Remote automated provisioning to a XenServer Hypervisor

I'm currently working on a project where I use Vagrant with Ansible provisioning to create local environments in VirtualBox. I'm currently working with a University and we have a XenServer Hypervisor (free edition). I can't access the hypervisor directly from my location, but I can ssh into a Ubuntu server on the same network and forward ports so I can connect to it with XenCenter:

ssh <remote machine> -L80:<xen-server>:80 -L443:<xen-server>:443 -L5900:<xenserver>:5900 -L59001...etc to 5910

The 59xx ports are because XenCenter puts VNC Consoles on those ports. (I'm actually using putty on Windows because I can't get OpenXenCenter/Linux to connect at all with this type of tunnel). Citrix XenCenter connects fine and I can create a new VM, but I cannot get to the console, either via XenCenter or another VNC client.
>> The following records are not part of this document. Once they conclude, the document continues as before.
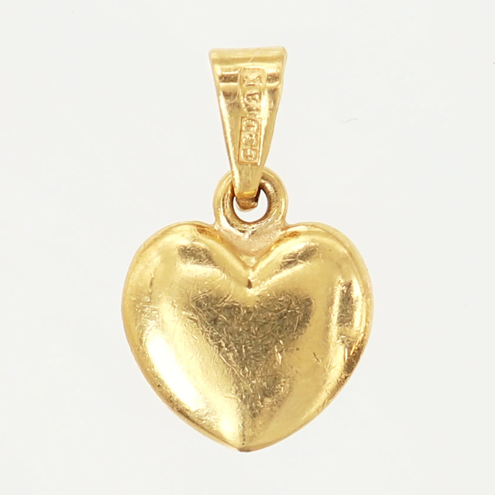Hänge hjärta, 16x10mm ink ögla, 18K. Vikt: 2,6 g.
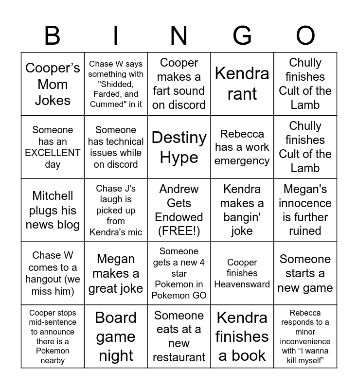 This bingo card has a free space and 24 words: Megan makes a great joke, Board game night, Destiny Hype, Cooper stops mid-sentence to announce there is a Pokemon nearby, Chully finishes Cult of the Lamb, Cooper’s Mom Jokes, Someone has an EXCELLENT day, Chase W says something with "Shidded, Farded, and Cummed" in it, Kendra makes a bangin' joke, Someone gets a new 4 star Pokemon in Pokemon GO, Rebecca has a work emergency, Mitchell plugs his news blog, Cooper finishes Heavensward, Someone starts a new game, Someone has technical issues while on discord, Kendra finishes a book, Megan's innocence is further ruined, Cooper makes a fart sound on discord, Chully finishes Cult of the Lamb, Chase J's laugh is picked up from Kendra's mic, Rebecca responds to a minor inconvenience with “I wanna kill myself”, Chase W comes to a hangout (we miss him), Kendra rant and Someone eats at a new restaurant.
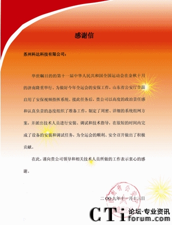 CTI論壇(ctiforum)12月29日消息(記者 張塵):日前 ,山東省公安廳向蘇州科達(dá)科技有限公司發(fā)來(lái)感謝信,對(duì)蘇州科達(dá)為保障全運(yùn)會(huì)順利、安全召開(kāi)所做的貢獻(xiàn)表示衷心的感謝。CTI論壇報(bào)道
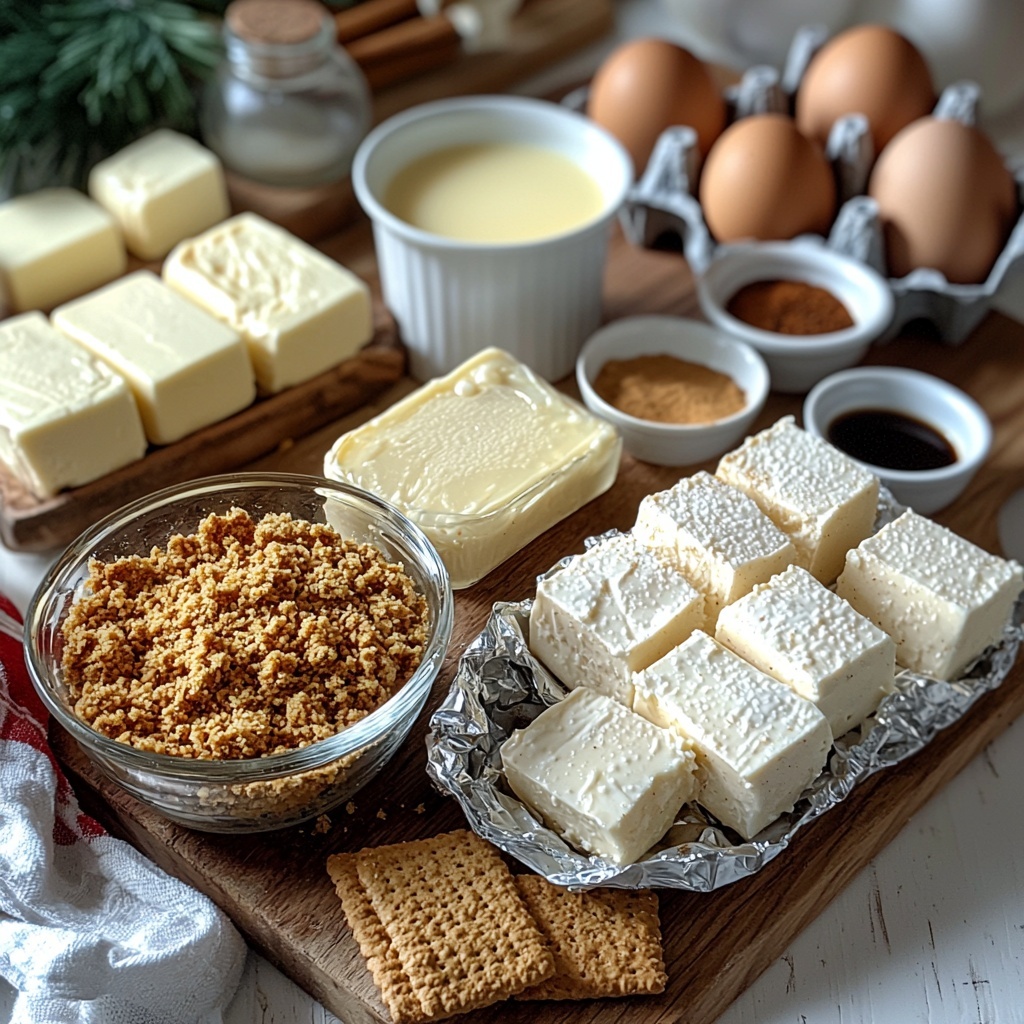 These ingredients are delightfully simple yet essential, each playing a unique role in building the luscious taste and texture of this cheesecake—from the crisp, buttery crust to the rich, spiced filling that embodies the essence of holiday cheer.
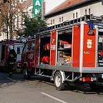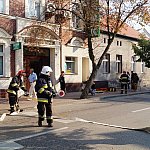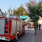 W wyniku zaprószenia ognia dochodzi do pożaru w biurze na 1 piętrze. Pożar szybko się rozprzestrzenia, występuje duże zadymienie. Pracownicy banku próbują gasić pożar przy pomocy podręcznego sprzętu gaśniczego - bez powodzenia. Przeprowadzają ewakuację. Czujniki ppoż budynku natychmiast uruchamiają alarm w komendzie Państwowej Straży Pożarnej. Na miejsce przyjeżdżają 3 zastępy OSP i PSP.
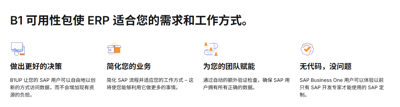 B1UP 可以轻松快速地使用,使 SAP Business One 适应各种场景,提高端到端系统利用率,提升用户体验并显著提高投资回报。B1UP 是寻求释放 SAP Business One 全部力量的公司必备解决方案,将其提升为在数字化转型时代取得成功的战略平台。
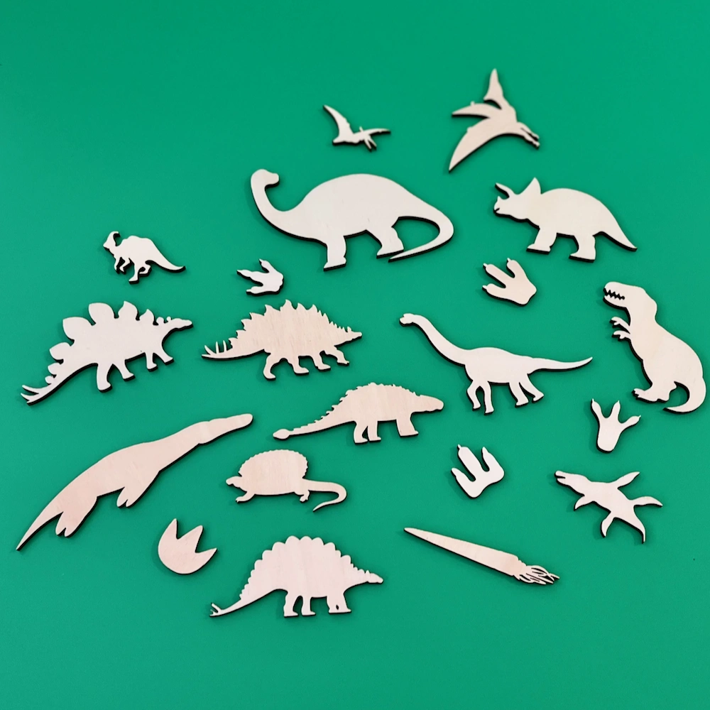 Sada výřezů dinosaurů a jejich stop.
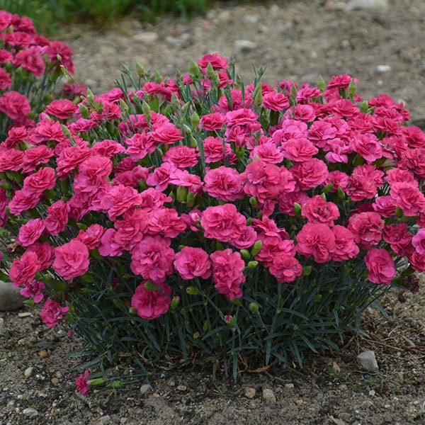 Raspberry Ruffles Dianthus has fully double, raspberry pink-colored flowers that are a whopping 1 and ¾ inches across (HUGE for a cottage pink). Every petal has a serrated edge that is outlined with a thin but distinct white line that really makes the raspberry color glow! And unlike other flowers that fade as the season wears on, Raspberry Ruffles keeps its strong color without fading. The flowers are extravagantly ruffled and lightly fragrant with the scent of cloves. These lovely blossoms are backed by a compactly-growing mound of dainty pointed blue-green leaves.

If I could get the VNC console to work, I could create a base box and just copy it and re-provision the copies with different ansible playbooks as needed.

But I really don't care about being able to get a console so long as I could auto-provision the individual VMs. It'd be nice if I could point at the hypervisor with a client on another machine and script the creation of VMs with specific IP addresses. Vagrant doesn't support Xen as a provider. I've found some limited Xen support using libvirt, but even that seems to be more geared at Xen installed on a standard distribution like Ubuntu or OpenSUSE and not as the standalone Citrix Hypervisor. There is xen-tools, but that seems to also be geared on xen on a local linux distribution.
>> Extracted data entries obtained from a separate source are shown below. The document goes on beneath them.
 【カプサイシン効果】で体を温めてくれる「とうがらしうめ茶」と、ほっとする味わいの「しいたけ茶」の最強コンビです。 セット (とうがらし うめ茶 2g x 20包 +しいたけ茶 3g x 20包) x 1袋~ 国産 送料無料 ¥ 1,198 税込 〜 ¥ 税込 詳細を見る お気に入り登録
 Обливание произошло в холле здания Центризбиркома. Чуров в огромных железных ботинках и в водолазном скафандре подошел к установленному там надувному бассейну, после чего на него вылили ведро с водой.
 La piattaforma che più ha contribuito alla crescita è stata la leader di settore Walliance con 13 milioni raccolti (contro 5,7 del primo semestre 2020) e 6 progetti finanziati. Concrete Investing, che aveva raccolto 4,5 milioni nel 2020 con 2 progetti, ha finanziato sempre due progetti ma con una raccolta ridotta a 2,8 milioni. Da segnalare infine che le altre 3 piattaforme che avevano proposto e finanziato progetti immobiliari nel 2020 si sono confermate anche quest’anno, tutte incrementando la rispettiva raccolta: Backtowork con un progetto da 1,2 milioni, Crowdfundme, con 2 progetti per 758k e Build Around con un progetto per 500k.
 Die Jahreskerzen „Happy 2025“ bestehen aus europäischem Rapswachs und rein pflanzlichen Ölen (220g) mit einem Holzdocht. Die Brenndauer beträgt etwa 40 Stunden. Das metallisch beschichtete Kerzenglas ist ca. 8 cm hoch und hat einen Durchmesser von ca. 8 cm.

Is there anyway to remotely provision XenServer instances using either Vagrant or some other type of provisioning tool?


For the next guy looking into this:

The solution is to read the XenServer guest installation guide and use a search engine. ;)

First, there's a ansible playbook with nice documentation for setting up VMs in XenServer.

It's not a full vagrant provider and maybe not easy enough for beginners but it covers all the basics.